Authored By Rajesh AR, CEO, SAHI by LabourNet
India’s workforce is at a crossroads. With over ~644 million employed individuals and 92% of them in the unorganized sector, the challenge of building a resilient, future-ready labour ecosystem is more urgent than ever. As someone who has spent over a decade building scalable ecosystems for skilling, employment, and entrepreneurship, I see this as a complex balancing act, navigating the intersecting demands of cost efficiency, workforce capability, and long-term continuity in blue and grey collar employment.
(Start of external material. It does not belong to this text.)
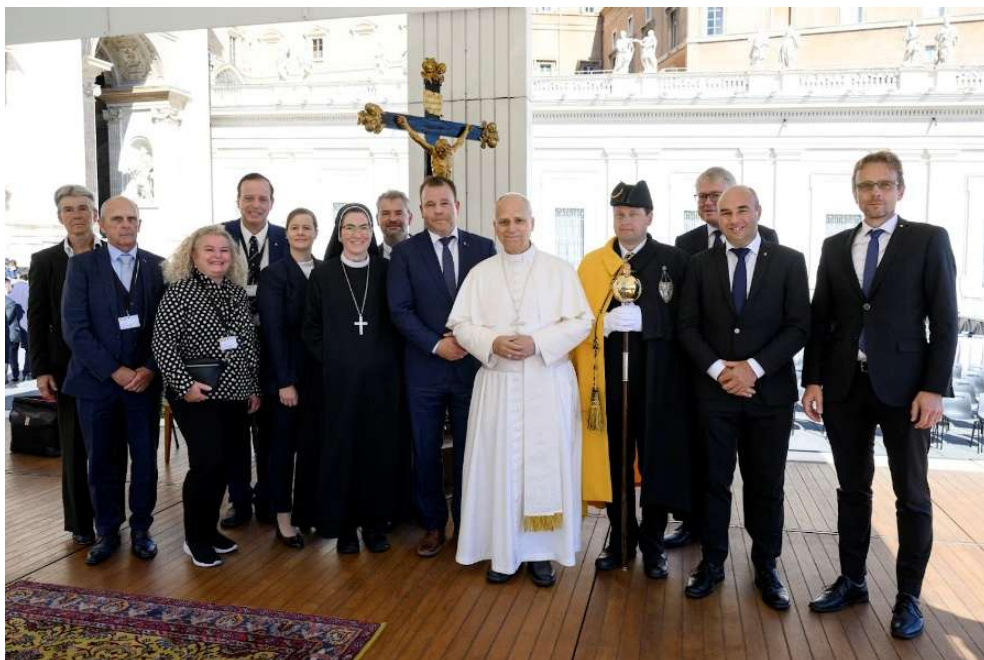
Papst Leo XIV. mit Urner Regierung und Vertretung der Landeskirche.

Der Kleine Landeskirchenrat traf sich im Jahr 2025 zu neun Sitzungen. Wichtige Themen sind die Zukunft der Kirche im Kanton Uri und die richtige Struktur, um den Bedürfnissen der Zukunft zu begegnen. In diesem Zusammenhang wurde ein Vorschlag für eine angepasste Verfassung der Landeskirche erarbeitet. Höhepunkt war die Teilnahme des Kantons Uri an der Vereidigung der Schweizergarde, die aufgrund des Konklaves im Mai ausnahmsweise am 4. Oktober stattfand. Diese ermöglichte neben vielen Begegnungen mit Gardisten auch, den Auftritten von zwei Urner Jodelchören im Petersdom und am Petersplatz auch persönliche Begegnungen mit Papst Leo.

Cost: The pressure to stay lean
Cost is the first and foremost aspect of this complex dynamic. It is and has always been India’s competitive edge. Hiring talent here is 60–70% more economical than in developed markets. But this advantage often comes at the expense of long-term investment in worker development. Companies are under pressure to stay lean, and in doing so, they risk creating transactional relationships with their workforce. Building asset-light, compliant models that allow businesses to scale without compromising on worker dignity can be one of the ways to address this. The goal is not just to reduce cost, but to optimize it in a way that sustains both business and livelihoods.
Capability: The skills mismatch
Capability is the second leg of the trilemma. Despite a growing demand for skilled labour in sectors like healthcare, AI, and logistics, India faces a widening skills mismatch. Youth unemployment remains high, and many workers lack the capabilities needed for today’s evolving roles. Emerging interventions such as AI-proctored assessments and digital skills passports are increasingly being piloted across workforce development programs, enabling workers to establish formal identities and demonstrate verified skill proficiency. These are critical steps toward accessing formal employment and career mobility. But capability building must go beyond training, it must be linked to wage growth, career mobility, and business outcomes. A skilled worker is not just more productive; they are more invested in the organization’s success.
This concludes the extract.